Supplied data:
★ ★ ★ ★
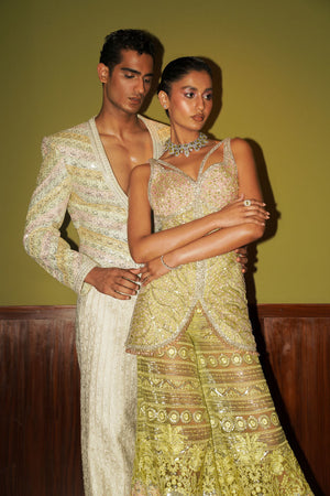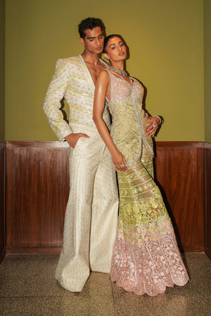 Prepare to turn heads with this captivating ensemble, 'Éclat'. The journey begins with a form-fitted top, boasting a flattering sweetheart neckline and shimmering crystal embellishments, its hue alternating between vibrant green and bold pink. This dynamic interplay extends to the wide-leg pants, where the colors dance in harmonious exchange, creating a unique and irresistible composition. Along the seams, intricate embroidery weaves its tale, while a playful scalloped hem adds a touch of whimsy. This bold fusion of colors and textures culminates in a look that's undeniably elegant and eye-catching, destined to leave a lasting impression wherever your path may lead.
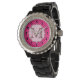 Monogramme à huile à quarterfoil rose chaud Monogramme à Motif à tissu personnalisé initial Montre à poignet
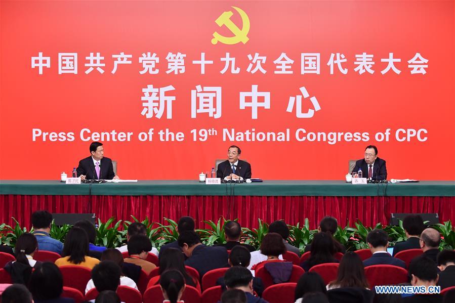 The press center of the 19th National Congress of the Communist Party of China (CPC) holds a press conference in Beijing, capital of China, Oct. 19, 2017. Yang Xiaodu (C), deputy secretary of the CPC Central Commission for Discipline Inspection, and Qi Yu (R), deputy head of the Organization Department of the CPC Central Committee, attended the press conference. (Xinhua/Li Xin)
★ ★ ★ ★
Task requirements: Every line of the data above is to be repeated exactly; the images are to be left out.

Worked solution:
 Prepare to turn heads with this captivating ensemble, 'Éclat'. The journey begins with a form-fitted top, boasting a flattering sweetheart neckline and shimmering crystal embellishments, its hue alternating between vibrant green and bold pink. This dynamic interplay extends to the wide-leg pants, where the colors dance in harmonious exchange, creating a unique and irresistible composition. Along the seams, intricate embroidery weaves its tale, while a playful scalloped hem adds a touch of whimsy. This bold fusion of colors and textures culminates in a look that's undeniably elegant and eye-catching, destined to leave a lasting impression wherever your path may lead.
 Monogramme à huile à quarterfoil rose chaud Monogramme à Motif à tissu personnalisé initial Montre à poignet
 The press center of the 19th National Congress of the Communist Party of China (CPC) holds a press conference in Beijing, capital of China, Oct. 19, 2017. Yang Xiaodu (C), deputy secretary of the CPC Central Commission for Discipline Inspection, and Qi Yu (R), deputy head of the Organization Department of the CPC Central Committee, attended the press conference. (Xinhua/Li Xin)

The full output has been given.